University of Toronto professor, best-selling author, cultural phenomenon etc etc, Jordan Peterson, on Joe Rogan’s show, talking about his life-long depression.
Here’s the transcript: (starts 4:35 in, but the whole 30 minute interview is interesting — particularly because Peterson says the carnivore diet has made a radical difference in his life).
PETERSON: I’ve had depression since I was 13, probably, and very severe, and I’ve treated it a variety of ways, some of them quite successfully. But it’s been a constant battle, and my father had it, and his father had it, it’s just rife in my family……How do you define it?
Well, imagine that you wake up and that you remember that all your family was killed in a horrible accident yesterday. [I would feel that] all the time.
ROGAN: You would feel that even if nothing was wrong?
PETERSON: Yes. It’s actually worse than that. One of the things Michaela (his daughter) told me was she thought,’Well, what’s it like to be depressed’? Well, imagine you have a dog and you really love the dog and then the dog dies. And then about 2 or 3 years ago, our dog died — it was Michaela’s dog, and she really liked that dog — and she said ‘That was bad, but it’s nowhere near as bad as being depressed.”
And I asked her, too, at one point when she was about 16, ‘Look you’ve got a choice, kid. Here’s the choice. You can either have depression or [her autoimmune] arthritis. Which one?’ [She said], ‘I’ll take the arthritis.’ Well, that was after she’d lost two joints. So it was no joke.
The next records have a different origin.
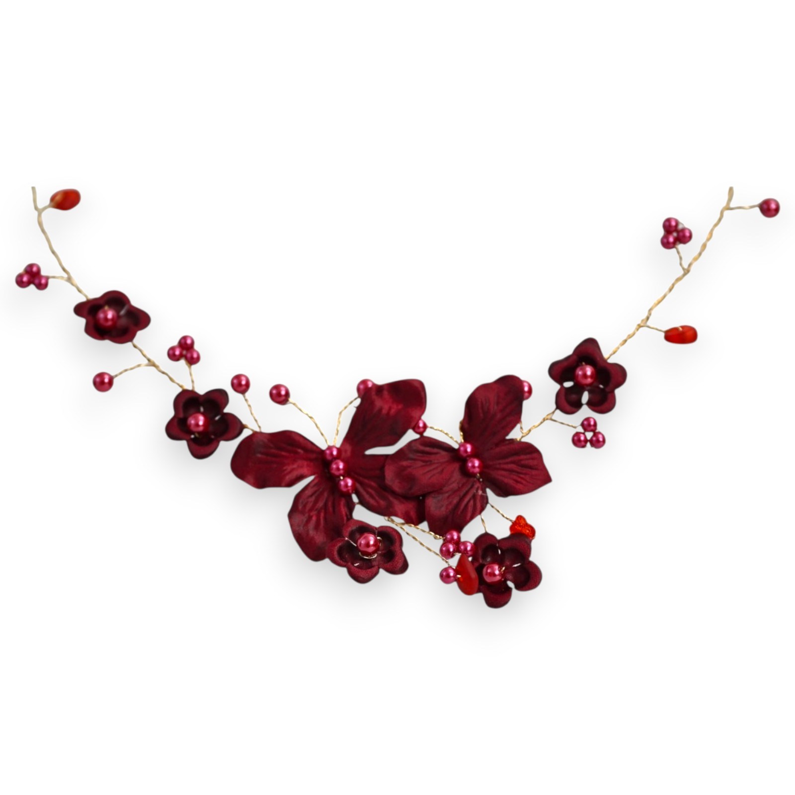L'intensité de la teinte bordeaux qui habille ce collier en fait un accessoire particulièrement sophistiqué. Les papillons en tissu, méticuleusement façonnés, s'entourent de petites fleurs assorties et de perles fantaisie brillantes qui captent et réfléchissent délicatement la lumière. Chaque élément est disposé sur une structure filaire dorée qui serpente avec grâce, créant un motif organique et naturel. Cette composition florale bordeaux profond s'harmonise parfaitement avec le métal doré, offrant un contraste riche et élégant qui sublimera aussi bien les tenues claires que les toilettes plus sombres.
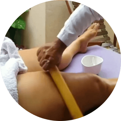 Massagem realizada com hastes de bambu, que estimula a circulação e promove relaxamento e modelagem corporal.
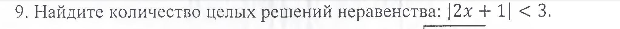 Получается наш ответ -2<x<1,но т.к. наше неравенство строгое и нам нужно количество целых решений,то нашим окончательным ответом будет 2(это целые числа -1 и 0)
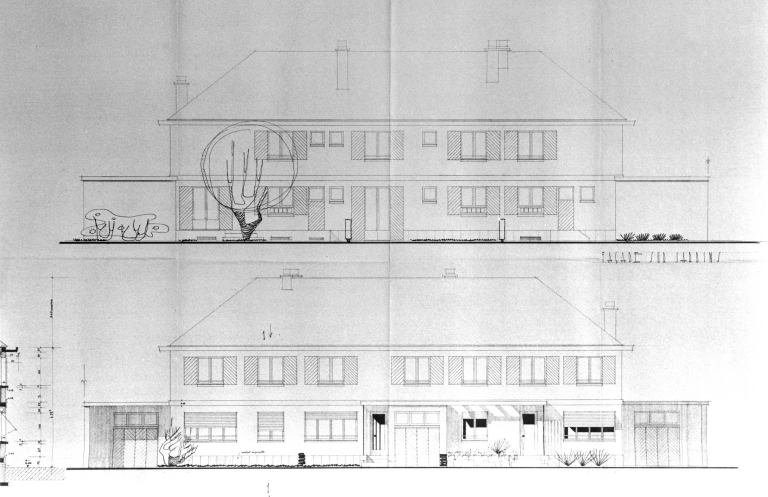 Élévations antérieure et postérieure, dessin, par Henry Auffret et J. Vaudeleau, 1957, (A. C. Rennes)Immatriculation
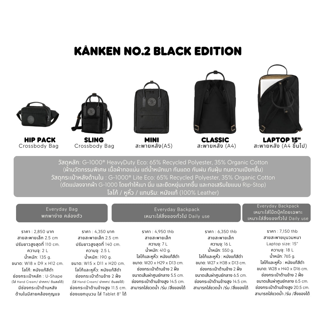 รุ่นพิเศษสีดำสนิท Kanken No.2 Black Edition ที่ทางแบรนด์ Fjällräven ได้ออกแบบต่อยอดออกมาจากรุ่น Kanken โดยให้มีดีไซน์เฉพาะตัว แถมถูกหลักสรีศาสตร์ เพิ่มลูกเล่นที่หูหิ้ว โลโก้ และแถบริมด้านล่างทำจากหนังแท้สีดำ ทนทานด้วยผ้า G1000 นวัตกรรมผ้าที่โด่งดังของแบรนด์ เนื้อผ้าที่ถูกใช้ผลิตเป้แบ็คแพ็คเดินป่าของเรา นอกจากความเเข็งแรงแล้วนั้น สไตล์ของกระเป๋า ยังสามารถใช้ได้ทุกโอกาส ไม่ว่าจะสะพายหลังใช้ไปทำงาน หรือใช้ในชีวิตประจำวัน นอกจากนี้ยังใช้เป็นเป้สะพายหลังเดินทางท่องเที่ยว เป็นเป้ที่ใช้ได้ตลอดกาล

It’s no joke, man. There isn’t any — I wouldn’t say that, I wouldn’t say there’s nothing worse, because “worse” is a very deep hole — but it’s bad.
Then he spends about 30 minutes talking about what’s been a remarkable help for the two months he’s been on it — a pure carnivore diet. I don’t doubt it’s helped Peterson, at all, but as Rogan asks, from whence come his vitamins? Peterson tries to answer that question, but he acknowledges it’s sort of an experiment. (And by the way, you can’t really take Vitamin C supplements on this diet because they’ve got corn starch and other things that violate it).
Later on, he talked about going off his diet briefly, and the return of his depression — or as he describes it — the “overwhelming sense of impending doom. Seriously, I mean overwhelming. Like, there’s no way I could have lived like that…. [lie] in bed frozen in something approximating terror. ”
I don’t think people without this condition have any idea of the sleepless sense of doom and terror. Here’s hoping the diet continues to help him.
There’s overwhelming evidence that diet plays a major role in depression (particularly, through its effect on gut bacteria).